(Assignment)
Will you extract the entries word for word? Images should not appear in the copy.
++++ Material provided ++++
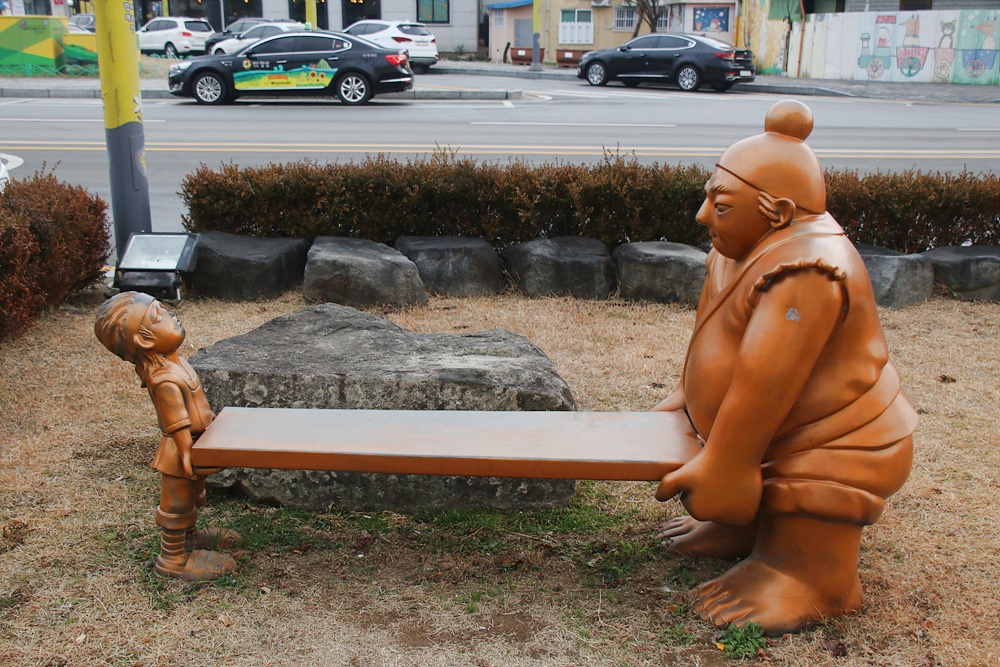 장성역 앞 정원의 벤치는 홍길동 캐릭터가 벤치를 받치고 있어
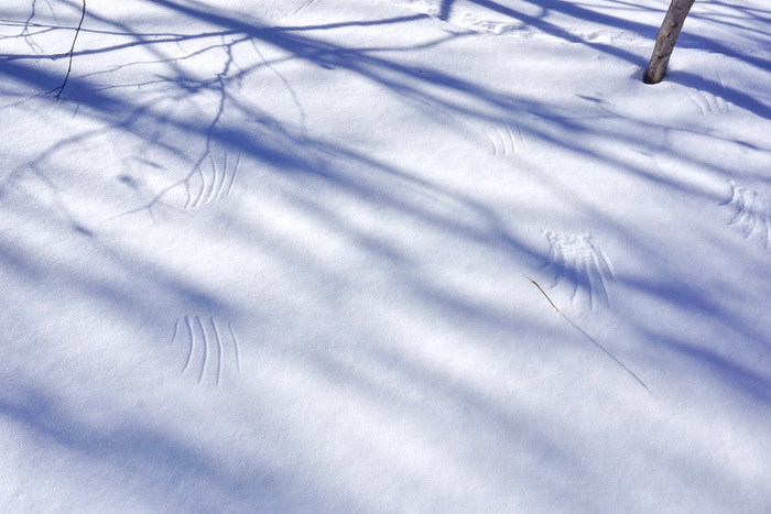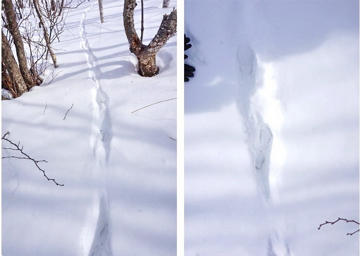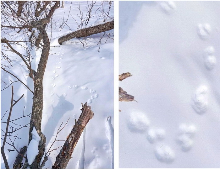 В лесу мы видели множество следов. Я не всегда носила с собой телефон, а камеру - тем более, но кое-что мне удалось заснять. В зависимости от типа снега одни и те же следы выглядят совсем по-разному! В этом мы убедились,проконсультировавшись с опытными охотниками.
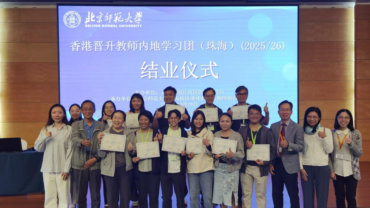 2025年10月21日至24日,由香港特别行政区政府教育局主办、北京师范大学珠海校区继续教育与教师培训学院承办的香港晋升教师内地学习团在珠海开展为期四天的深度研修活动。本次活动通过专业理论研修、内地学校参访、科技企业探秘与历史文化考察等多元形式,助力120位香港中小学晋升教师夯实教育创新能力,深化国家文化认知。
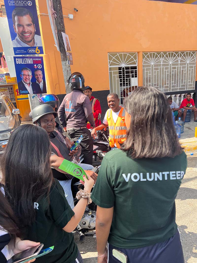 Junto al recipiente, mejor conocido como Nuvi, alumnos del ABC entregaron un brochure a los residentes del referido sector para concienciarlos sobre la importancia del reciclaje y su impacto en beneficio del medio ambiente.
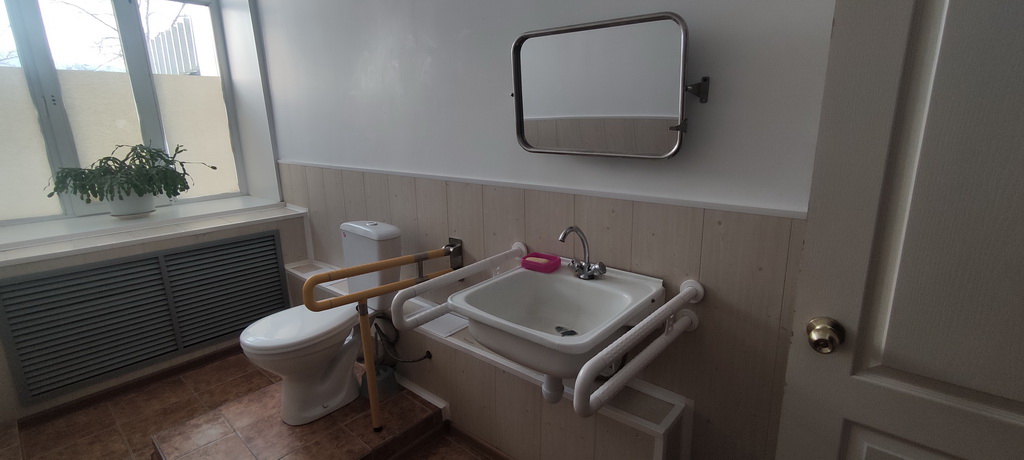 В техникуме есть санитарная комната с соблюдением всех условий охраны здоровья для инвалидов и лиц с ограниченными возможностями здоровья. Оборудованная поручнями для удобства перемещения, крючками для костылей, панелью вызова и поворотно-откидным зеркалом которое при наличие рукоятки дает возможность регулировки любого угла наклона зеркала и обеспечивает возможность инвалидам, перемещающимся в кресле-коляске, без труда воспользоваться изделием по назначению.
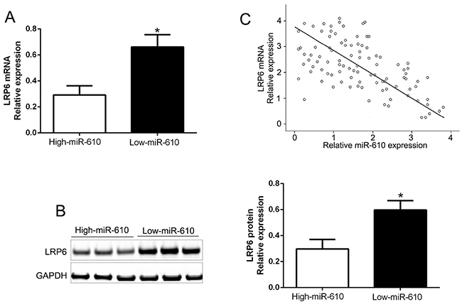 Figure 6: Inverse relevance between miR-610 and LRP6 expression in melanoma. In miR-610 high-expressed tumors (n=52), LRP6 mRNA expression (A) and LRP6 protein (B) was expressively lower than corresponding expression in miR-610 low-expressed tumors (n=53). (C) Inverse relevance between mRNA levels of LRP6 and miR-610 was evidently surveyed in melanoma tissues. *P<0.05.
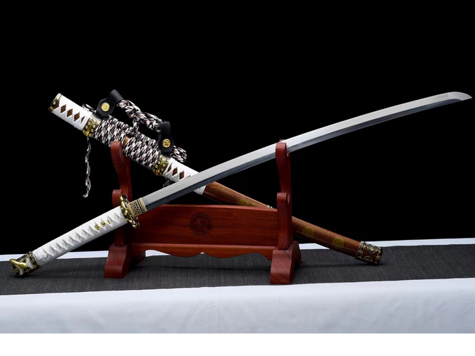 商品属性 [总长] 104cm [刃长] 71cm [柄长] 27cm [刃宽] 3.2cm [刃厚] 0.7cm [硬度] 59HRC [刃材] 弹簧钢 [鞘材] 朴木 [装具] 合金 [工艺] 淬火(水)—回火 [锻打程度] 十三道纯手工研磨 [赠品] 锦盒-刀油-收藏证书-刀架
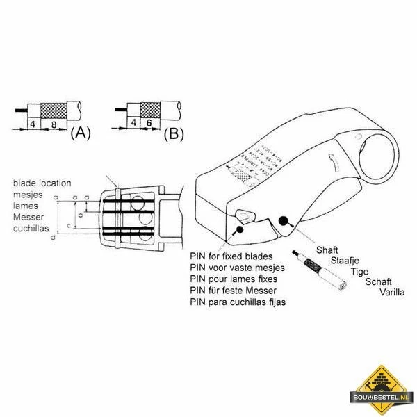 Coaxkabelstripper met 3 regelbare messen. Strippen van kabels RG58/59/62. Verwijdert ook de buitenste isolatie.
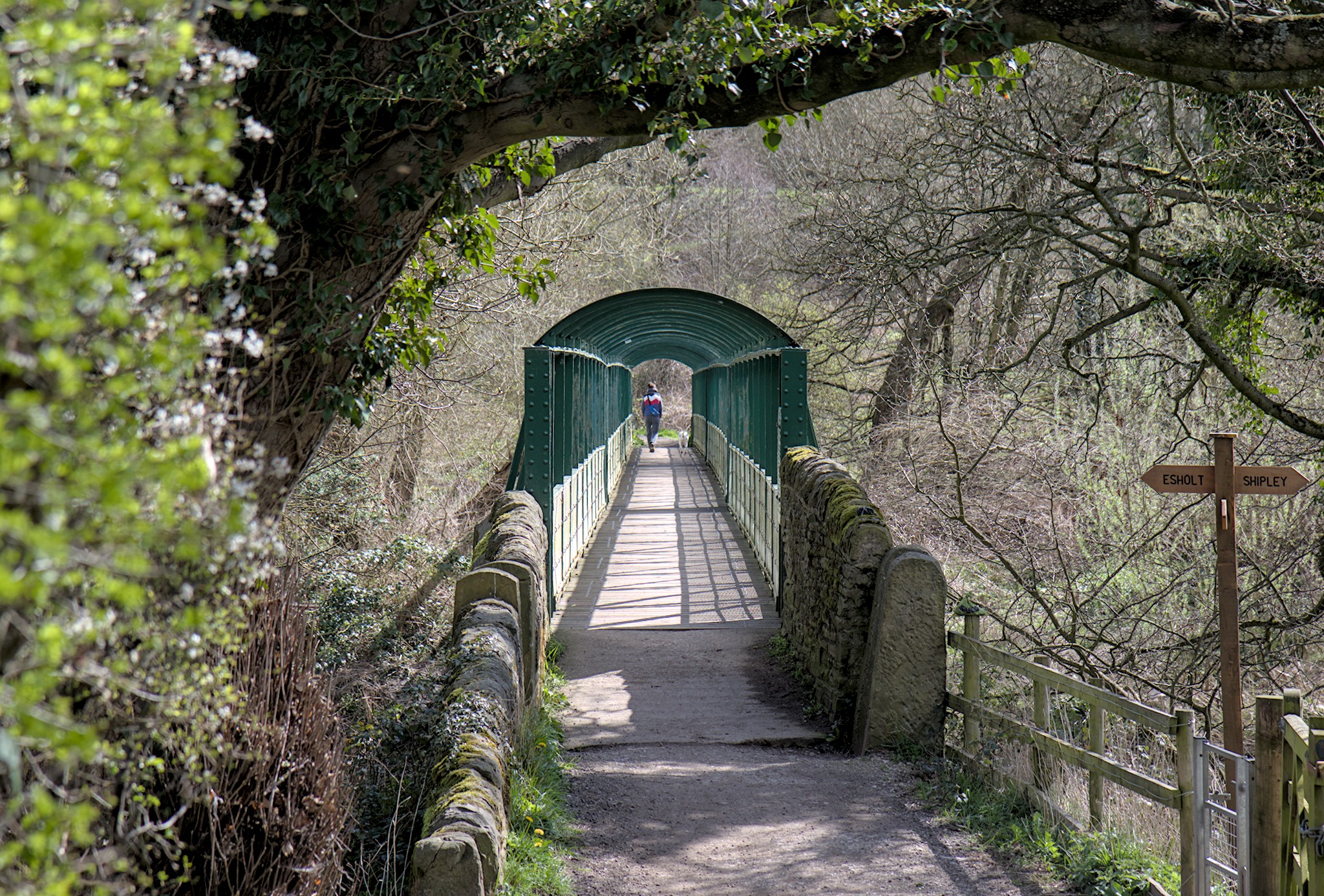 And now to the camera club challenge. These are the two I have submitted. I went back to Tong Park with wellies so that I could go paddling and get a photo of the bridge showing the right hand end of it looking as though it could drop into the water at any time. The Buck Lane Footbridge was not one I originally planned but I thought this shot was framed a bit by the tree and the walker and dog add a bit of interest.
++++
(Task response)
 장성역 앞 정원의 벤치는 홍길동 캐릭터가 벤치를 받치고 있어
 В лесу мы видели множество следов. Я не всегда носила с собой телефон, а камеру - тем более, но кое-что мне удалось заснять. В зависимости от типа снега одни и те же следы выглядят совсем по-разному! В этом мы убедились,проконсультировавшись с опытными охотниками.
 2025年10月21日至24日,由香港特别行政区政府教育局主办、北京师范大学珠海校区继续教育与教师培训学院承办的香港晋升教师内地学习团在珠海开展为期四天的深度研修活动。本次活动通过专业理论研修、内地学校参访、科技企业探秘与历史文化考察等多元形式,助力120位香港中小学晋升教师夯实教育创新能力,深化国家文化认知。
 Junto al recipiente, mejor conocido como Nuvi, alumnos del ABC entregaron un brochure a los residentes del referido sector para concienciarlos sobre la importancia del reciclaje y su impacto en beneficio del medio ambiente.
 В техникуме есть санитарная комната с соблюдением всех условий охраны здоровья для инвалидов и лиц с ограниченными возможностями здоровья. Оборудованная поручнями для удобства перемещения, крючками для костылей, панелью вызова и поворотно-откидным зеркалом которое при наличие рукоятки дает возможность регулировки любого угла наклона зеркала и обеспечивает возможность инвалидам, перемещающимся в кресле-коляске, без труда воспользоваться изделием по назначению.
 Figure 6: Inverse relevance between miR-610 and LRP6 expression in melanoma. In miR-610 high-expressed tumors (n=52), LRP6 mRNA expression (A) and LRP6 protein (B) was expressively lower than corresponding expression in miR-610 low-expressed tumors (n=53). (C) Inverse relevance between mRNA levels of LRP6 and miR-610 was evidently surveyed in melanoma tissues. *P<0.05.
 商品属性 [总长] 104cm [刃长] 71cm [柄长] 27cm [刃宽] 3.2cm [刃厚] 0.7cm [硬度] 59HRC [刃材] 弹簧钢 [鞘材] 朴木 [装具] 合金 [工艺] 淬火(水)—回火 [锻打程度] 十三道纯手工研磨 [赠品] 锦盒-刀油-收藏证书-刀架
 Coaxkabelstripper met 3 regelbare messen. Strippen van kabels RG58/59/62. Verwijdert ook de buitenste isolatie.
 And now to the camera club challenge. These are the two I have submitted. I went back to Tong Park with wellies so that I could go paddling and get a photo of the bridge showing the right hand end of it looking as though it could drop into the water at any time. The Buck Lane Footbridge was not one I originally planned but I thought this shot was framed a bit by the tree and the walker and dog add a bit of interest.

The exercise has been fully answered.